Activity theory (AT; Russian: Теория деятельности) is an umbrella term for a line of eclectic social sciences theories and research with its roots in the Soviet psychological activity theory pioneered by Lev Vygotsky, Alexei Leont'ev and Sergei Rubinstein. These scholars sought to understand human activities as systemic and socially situated phenomena and to go beyond paradigms of reflexology (the teaching of Vladimir Bekhterev and his followers) and physiology of higher nervous activity (the teaching of Ivan Pavlov and his school), psychoanalysis and behaviorism. It became one of the major psychological approaches in the former USSR, being widely used in both theoretical and applied psychology, and in education, professional training, ergonomics, social psychology and work psychology.
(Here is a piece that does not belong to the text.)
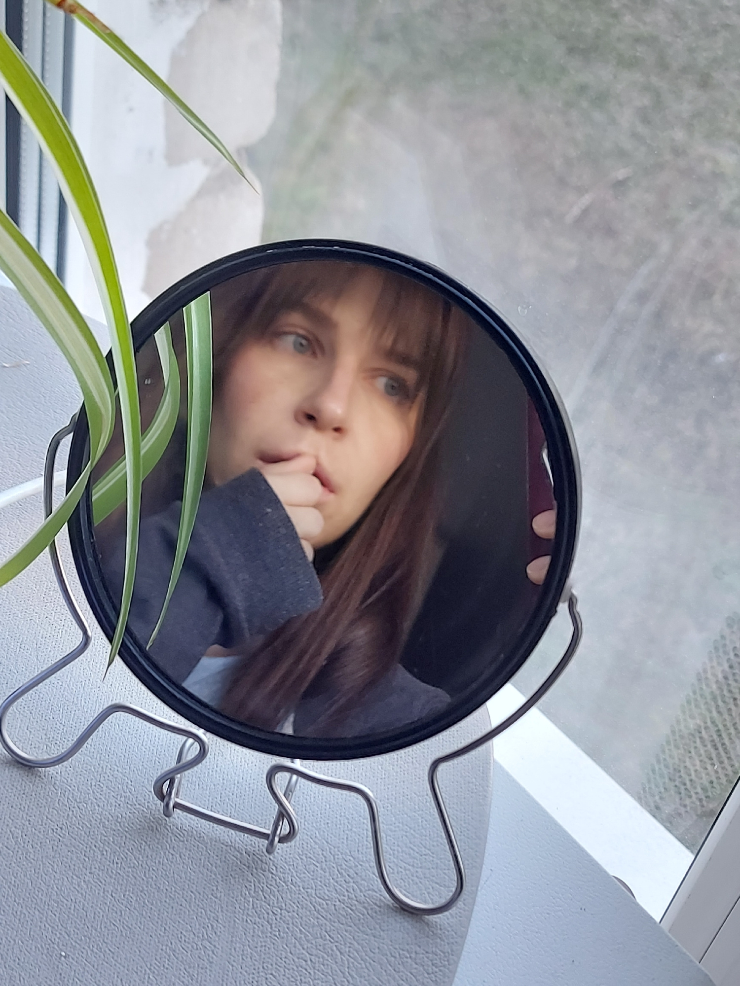 A woman's reflection is seen in a round mirror with a black frame and wire stand. She has light skin, brown hair with bangs, and is wearing a gray sweater. Her hand is raised to her mouth. In the fore…read more

Activity theory is more of a descriptive meta-theory or framework than a predictive theory. It considers an entire work/activity system (including teams, organizations, etc.) beyond just one actor or user. It accounts for environment, history of the person, culture, role of the artifact, motivations, and complexity of real life activity. One of the strengths of AT is that it bridges the gap between the individual subject and the social reality—it studies both through the mediating activity. The unit of analysis in AT is the concept of object-oriented, collective and culturally mediated human activity, or activity system. This system includes the object (or objective), subject, mediating artifacts (signs and tools), rules, community and division of labor. The motive for the activity in AT is created through the tensions and contradictions within the elements of the system. According to ethnographer Bonnie Nardi, a leading theorist in AT, activity theory "focuses on practice, which obviates the need to distinguish 'applied' from 'pure' science—understanding everyday practice in the real world is the very objective of scientific practice. ... The object of activity theory is to understand the unity of consciousness and activity." Sometimes called "Cultural-Historical Activity Theory", this approach is particularly useful for studying a group that exists "largely in virtual form, its communications mediated largely through electronic and printed texts."